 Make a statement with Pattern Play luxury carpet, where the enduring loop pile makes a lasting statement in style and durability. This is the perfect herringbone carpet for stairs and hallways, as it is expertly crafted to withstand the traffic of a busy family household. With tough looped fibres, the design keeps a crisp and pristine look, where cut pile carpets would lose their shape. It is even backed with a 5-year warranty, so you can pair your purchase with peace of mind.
+--
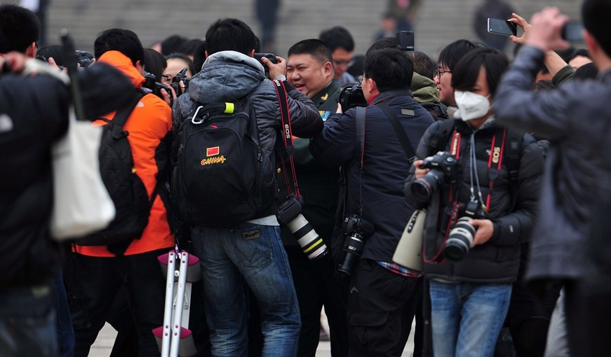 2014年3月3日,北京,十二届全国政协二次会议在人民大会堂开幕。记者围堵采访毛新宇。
+--
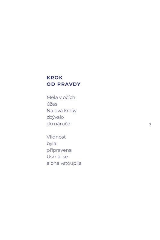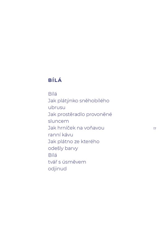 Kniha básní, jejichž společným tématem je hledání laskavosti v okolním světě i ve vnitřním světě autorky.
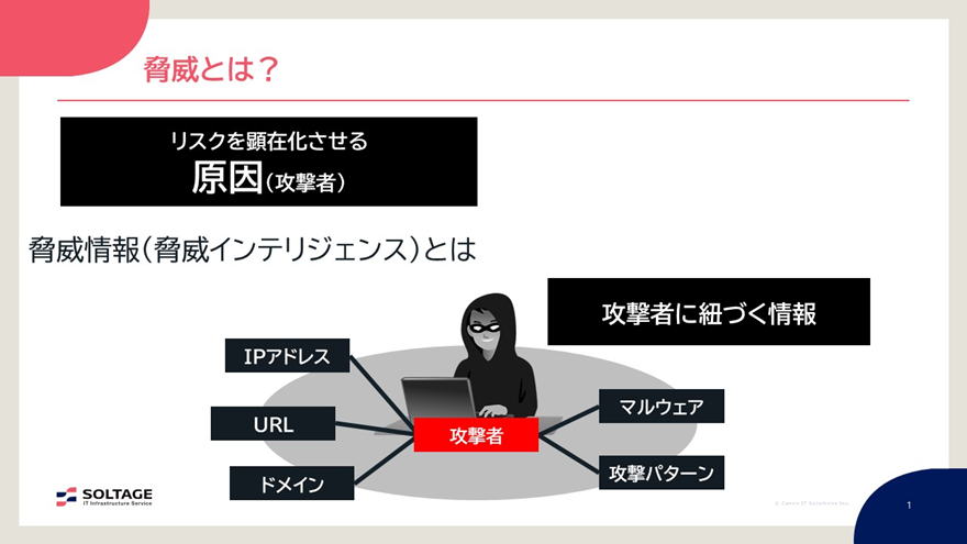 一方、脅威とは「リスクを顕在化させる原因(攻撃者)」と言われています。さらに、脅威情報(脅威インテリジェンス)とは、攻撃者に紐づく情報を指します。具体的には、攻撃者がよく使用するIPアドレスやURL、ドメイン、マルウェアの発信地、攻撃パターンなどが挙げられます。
+--
Work request: In the data above, retype only the stretch from the line with "Kniha básní, jejichž" through the line with "一方、脅威とは「リスクを顕在", word for word, and skip any pictures.

Solution to this exercise:
 Kniha básní, jejichž společným tématem je hledání laskavosti v okolním světě i ve vnitřním světě autorky.
 一方、脅威とは「リスクを顕在化させる原因(攻撃者)」と言われています。さらに、脅威情報(脅威インテリジェンス)とは、攻撃者に紐づく情報を指します。具体的には、攻撃者がよく使用するIPアドレスやURL、ドメイン、マルウェアの発信地、攻撃パターンなどが挙げられます。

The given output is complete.